The cave is home to hundreds of thousands of bats and swifts. Needless to say, some parts of the ground area was covered with droppings, complete with a choking, suffocating smell. It was impossible to avoid walking on it, and you had to be careful not to slip on it! The intrepid side of me accepted this undesirable poo situation as all part of the experience, while the precious side of me just wanted to scuttle back to the raft. The curious side of me did the walk because I wanted to see the ancient teakwood coffins. The coffins turned out to be surprisingly small. I'm not sure about the logistics of it all.

I have to admit, seeing the bats and swifts fly in and out of the cave was pretty nifty. I think we saw more swifts than bats, and that suited me just fine.

Swifts flying in and out of Tham Lod.

After our trip to Tham Lod, we returned to our guesthouse, took a shower, washed our shoes as thoroughly as we could, and then we caught a bus to our next destination, Mae Hong Son town.

Bye bye, Soppong. It's been quite fascinating getting to know you!

Nice hill views in Soppong.


  1. Looks like a lovely place. Your photos are, as always, so good - that foggy road though, the cave, the crunchy noodles and the gorgeous puppy :) :)

  2. Ah I love your travel series :) I really relate to the way you explore a country and its food.

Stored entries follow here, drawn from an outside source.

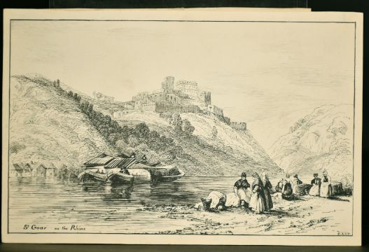 A group of 4 drawings, Houses by a bridge on the river, 'Glanmire Bridge near Cork', with inscription, 6.25" x 7.25", along with a view of a castle by the river, signed James Janson, 6" x 9" and two others, 'St Goar on the Rhine', inscribed and initialed, 6.25" x 10.5", and a lady by steps to a house, inscribed, 'Berncastle on the Moselle', 10" x 6.75", (unframed) (4).
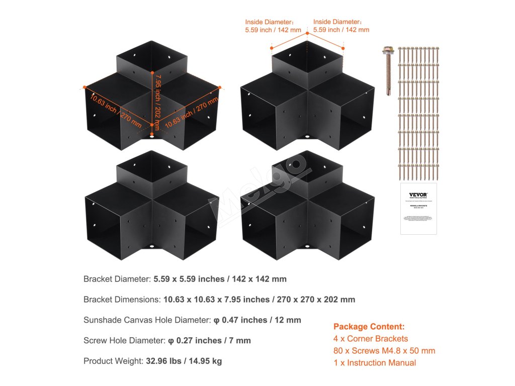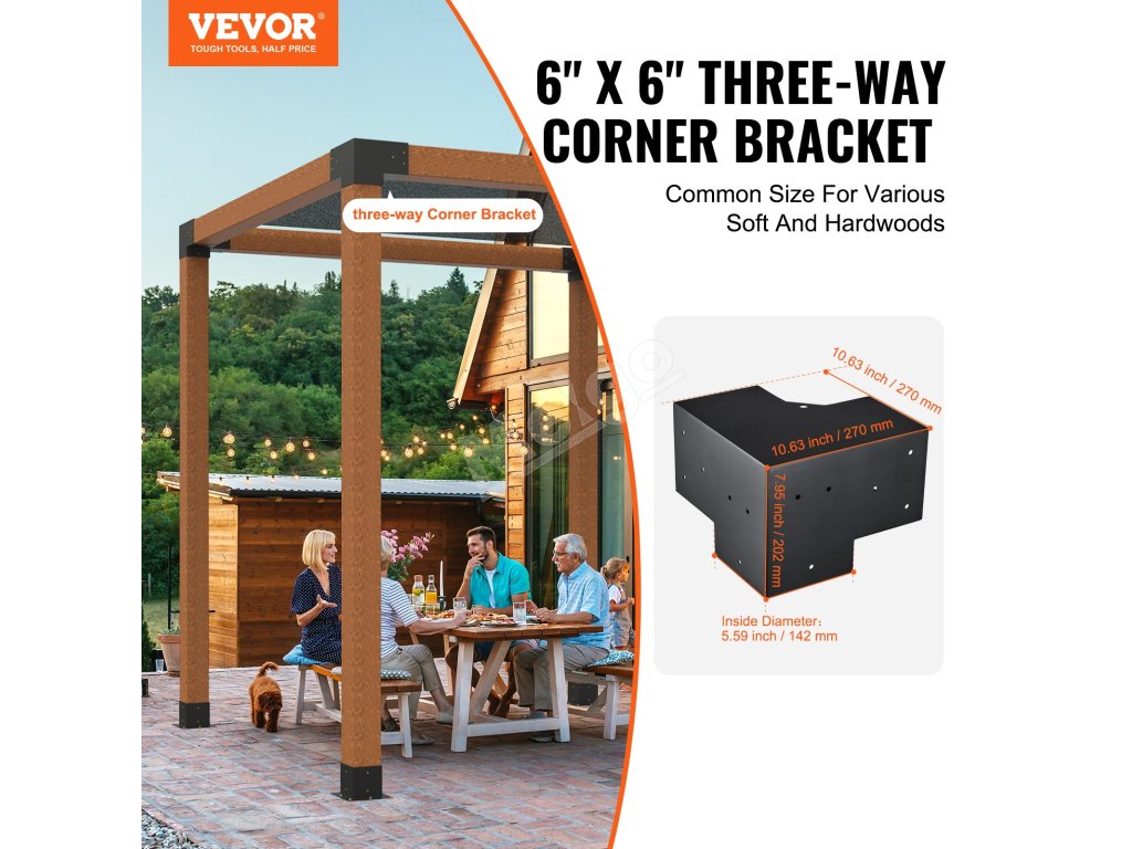 Sada rohových držiakov pre pergolu 6''×6'' vnút. 5.6×5.6 4 ks 3-cestné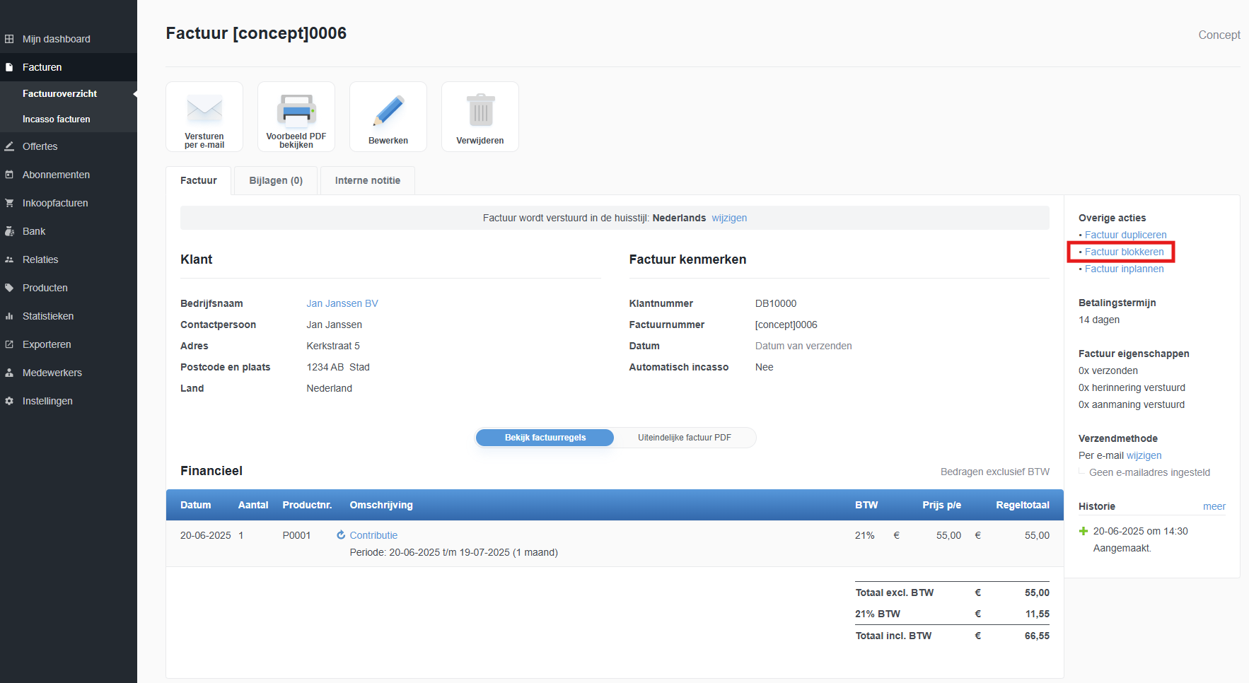Een conceptfactuur kan worden geblokkeerd om verzending te voorkomen. Tevens zal een blokkade ervoor zorgen dat er geen abonnementen aan de conceptfactuur worden toegevoegd. Heeft u de instelling om abonnementen aan een bestaande conceptfactuur toe te laten voegen op "Ja" staan, dan zal de blokkade dit dus voorkomen. Er wordt in dat geval een nieuwe conceptfactuur aangemaakt voor het abonnement.
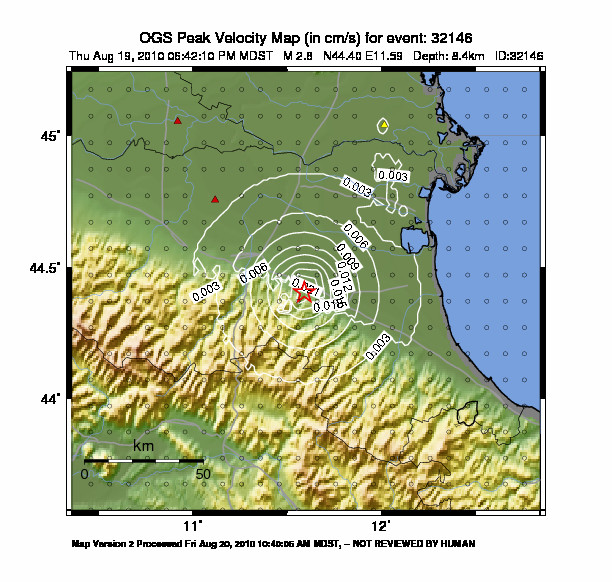 La mappa mostra gli ultimi 100 terremoti (simboli marrone) localizzati entro 30 km dall'epicentro e gli eventi con magnitudo maggiore di 3.8 (con simbolo viola, se presenti) localizzati dal 1977 nella stessa area. Clicca su ogni evento per dettagli. È inoltre possibile scaricare il file .kml o .csv con tutti gli eventi da noi registrati, entro 30 km dall’epicentro, a partire dal 1977. export in csv format export in kml formatLegenda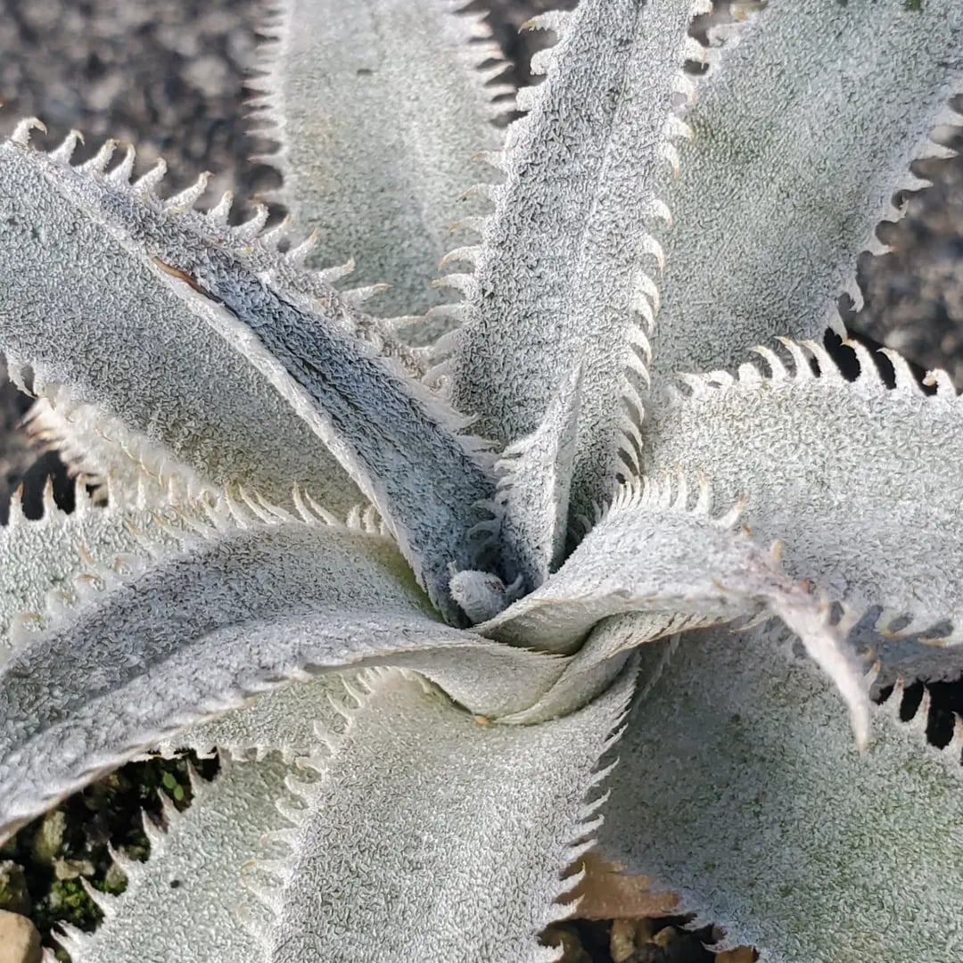BSI登録の、タイのParadon氏のハイブリッドです。MLをベースにしたカールする太葉にトリコームがのり、細かく刻むような小さな鋸歯が並びます。ディッキアの中では珍しい、淡い色合いの優しい雰囲気をした品種です。この品種のトリコームは、雨にも非常に強く、屋外で育てていてもなかなか薄くならず、美しさをキープしてくれます。(撮影日:2025年10月09日)画像2、3はNNNにある参考親株です。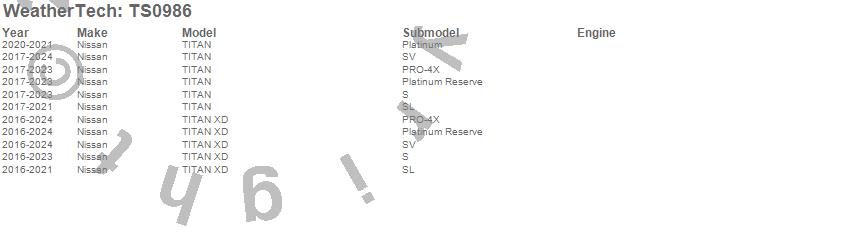 Below is an abbreviated list of applications for the WeatherTech SunShade.TITAN, TITAN XD, Nissan, 2024, 2023, 2022, 2021, 2020, 2019, 2018, 2017, 2016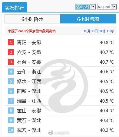 没有40℃进不了高温榜前十!敢相信吗,这是10月气温实况!榜单前十清一色40℃+,热到让人怀疑人生。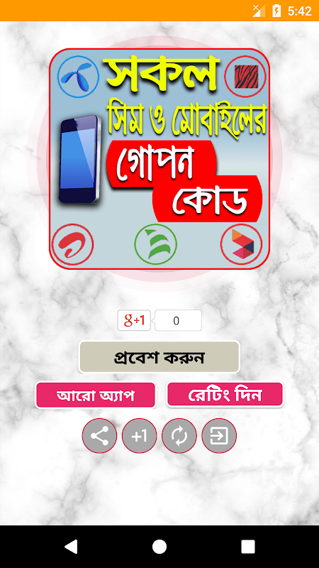 সকল সিমের দরকারি কোড জানা থাকা খুবি দরকার । বর্তমান সময়ে এক জনের নামে ২০ টি সিমের বেশি ব্যাবহার করা যায় না বা আপনি জানেন না আপনার নামে অনেকগুল সিম নিবন্ধন হয়ে আছে । আপনার সমের নাম্বার আপনি ভুলে গেছেন,বা সিমের যে কোন অফার জানবেন, হট লাইন এ ফোন দিয়া ,মোবাইল ডাটা নিয়া,ফোনে নেট সেটিং করা, এমবি কিনা, এমবি চেক করা, মোবাইল টাকা লোড করা, টাকা চেক করা, ইমারজেঞ্চি টাকা নিয়া, হত লাইনে কথা বলা সহ অনেক কিছু আছে আমাদের এই অ্যাপটিতে।

    1. Thank you! It means a lot to me that there are people out there who are reading and enjoying this travel series, and it's really cool that you relate to my travel style, too! :D

  3. Just reading this feels like I'm there :) Ahhh that congee would hit the spot. Loving all the animal pics as well, especially the kitties.

    1. Thank you, it's so great that I can almost transport you to Soppong with my blog post! :D

  4. What an adventure you had. It's the first time I've seen a chicken without a tail and the doglet in the in looked so adorable. As for the food, the filled little donuts looks really interesting. What kind of dough was used, was it like a sticky rice base?

    1. It was a fun adventure, indeed! I'm not sure about the doughnut dough, but it could potentially be made from sticky rice flour. It does look similar to the Vietnamese banh cam, doesn't it!